In summary, it is a 7.1.4 Atmos/DTS:X setup.

Any recommendation for high-powered amps? I am thinking something from the Crown line of amps. However, there is a huge selection and I really have no clue which ones I need. Any pointers?

Lastly, how would this setup compare to something equivalent from JTR or Seaton Sound? Two advantages of the Klipsch setup is that it is cheaper and I have a local dealer (provides a little peace of mind and ease in case of warranty work).


----------



## RTS100x5 (Sep 12, 2009)

My 2 cents

Klipsch to my ears are unlistenable - I am not a fan at all of horn drivers... my highly recommended / preference is Planar Magnetic drivers such as B&G...

For power amps, Emotiva is driving my 7 channels and Crown XLS is driving the subs and the Atmos channels...I am soon to add an XPA3 to drive the LCR , thus improving the headroom of my 7.2.4 system...

My Atmos speakers are ELURA Blue Label 8LCR's 

Might I also highly recommend the EPSON 5040 which is an extreme bang for the buck eye candy projector - UHD movies are just fantastic...


----------



## Kain (Mar 2, 2009)

With the following setup and with a distance of roughly 8-9 ft between the seating position to the front main speakers, how loud could I go in movies?

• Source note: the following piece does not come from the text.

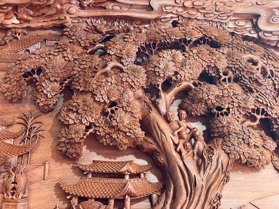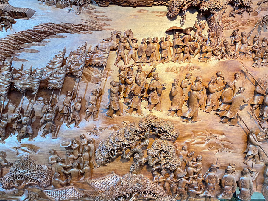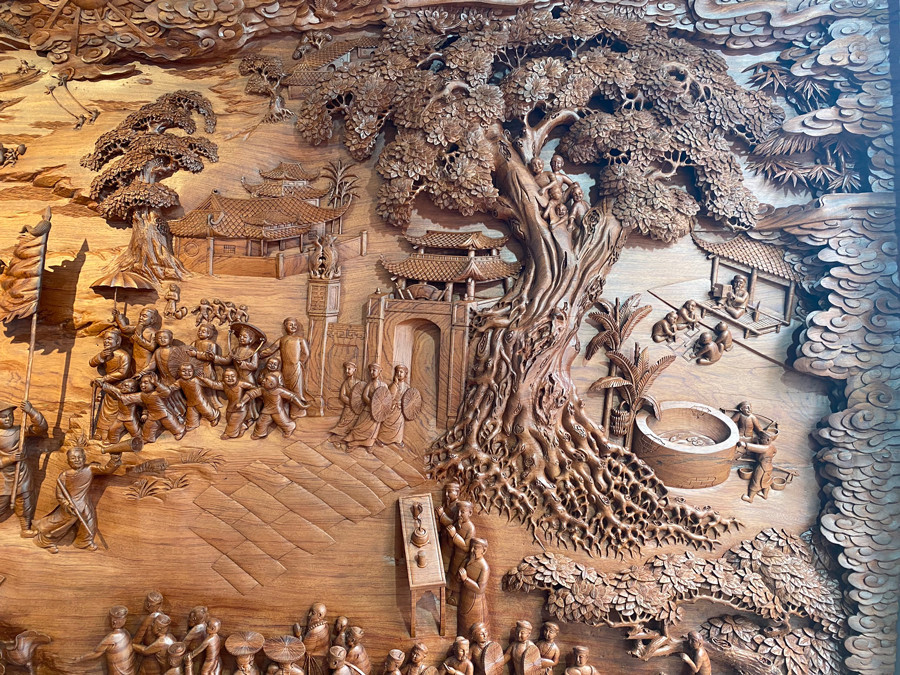 The picture has up to 348 characters, 68 trees and clusters of trees, in addition to many details such as fan flags, hammocks, spears. The painting was made within 27 months, with the participation of 10 skilled craftsmen in many different stages.
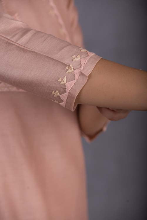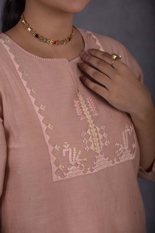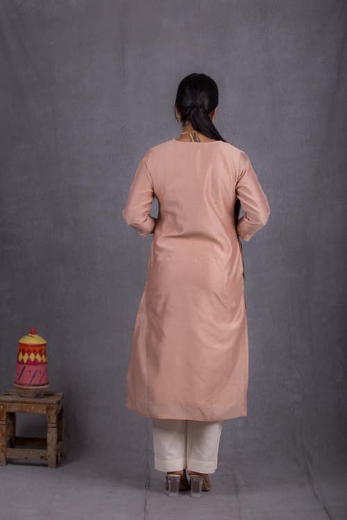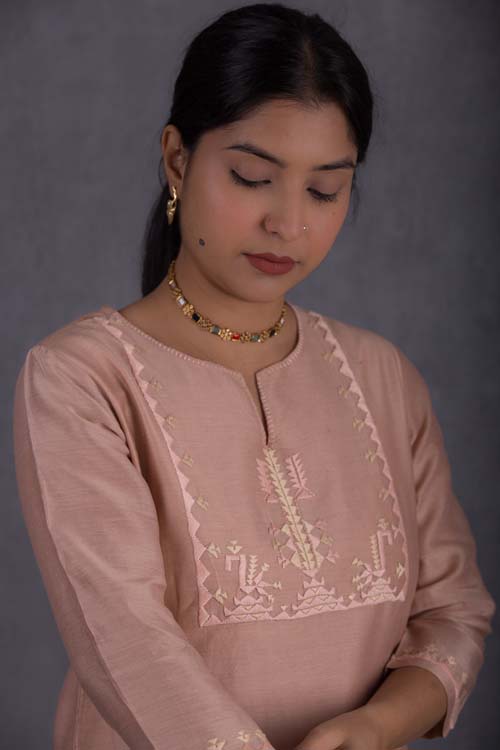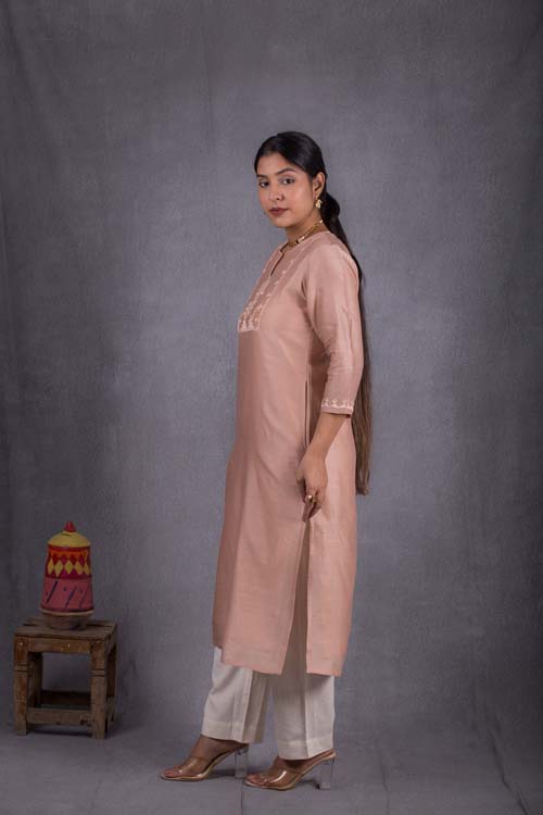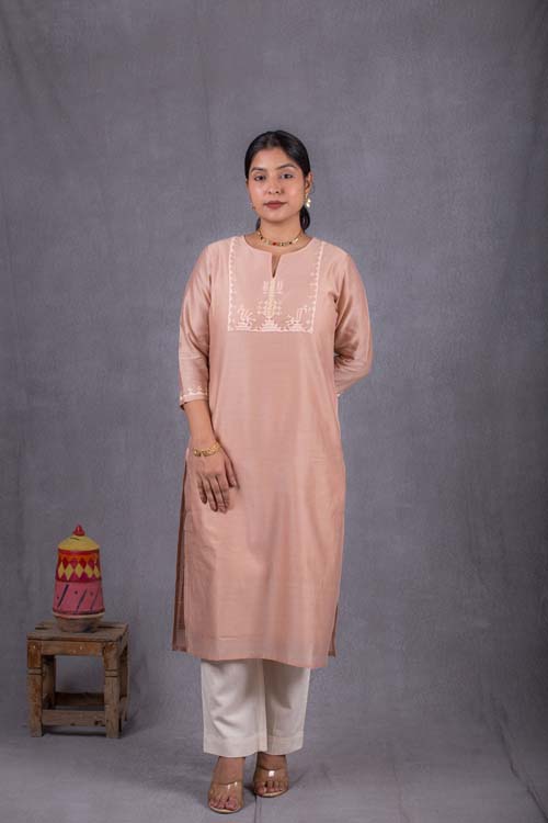 Elevate your wardrobe with the Priyanka Kurti, a masterpiece in Dark cream Chanderi fabric that marries timeless elegance with a contemporary twist. The delicate Soof embroidery gracing the yoke and sleeves tells a story of the Thar Desert, brought to life by the skilled hands of our artisans.

Will well over reference level be easily possible? Just trying to see if going with the 12C will be worth it over the 8C for me.

Mains: 2 x Seaton Sound Catalyst 8C with matching stands
Center: 1 x Seaton Sound Catalyst 8C
Side surrounds: 2 x Seaton Sound Spark XC2 + SSA-2x2-XC
Back surrounds: 2 x Seaton Sound Spark XC2 + SSA-2x2-XC
Ceiling speakers: 4 x Seaton Sound Spark XC2 + SSA-2x2-XC
Subwoofers: 2 x Seaton Sound SubMersive HPi+ + 2 x Seaton Sound SubMersive HP-Slave


----------



## theJman (Mar 3, 2012)

Kain said:


> With the following setup and with a distance of roughly 8-9 ft between the seating position to the front main speakers, how loud could I go in movies? Will well over reference level be easily possible? Just trying to see if going with the 12C will be worth it over the 8C for me.
> 
> Mains: 2 x Seaton Sound Catalyst 8C with matching stands
> Center: 1 x Seaton Sound Catalyst 8C
> ...


The dimensions of the room you listed are 1710 ft^3, which is considered to be on the small side. The Seaton system you're looking at will _easily_ play over reference in that much space. @Mark Seaton would be able to answer your question better, but my guess is you would stop increasing the volume before the speakers/subwoofers gave up.


----------



## Kain (Mar 2, 2009)

Thanks.


----------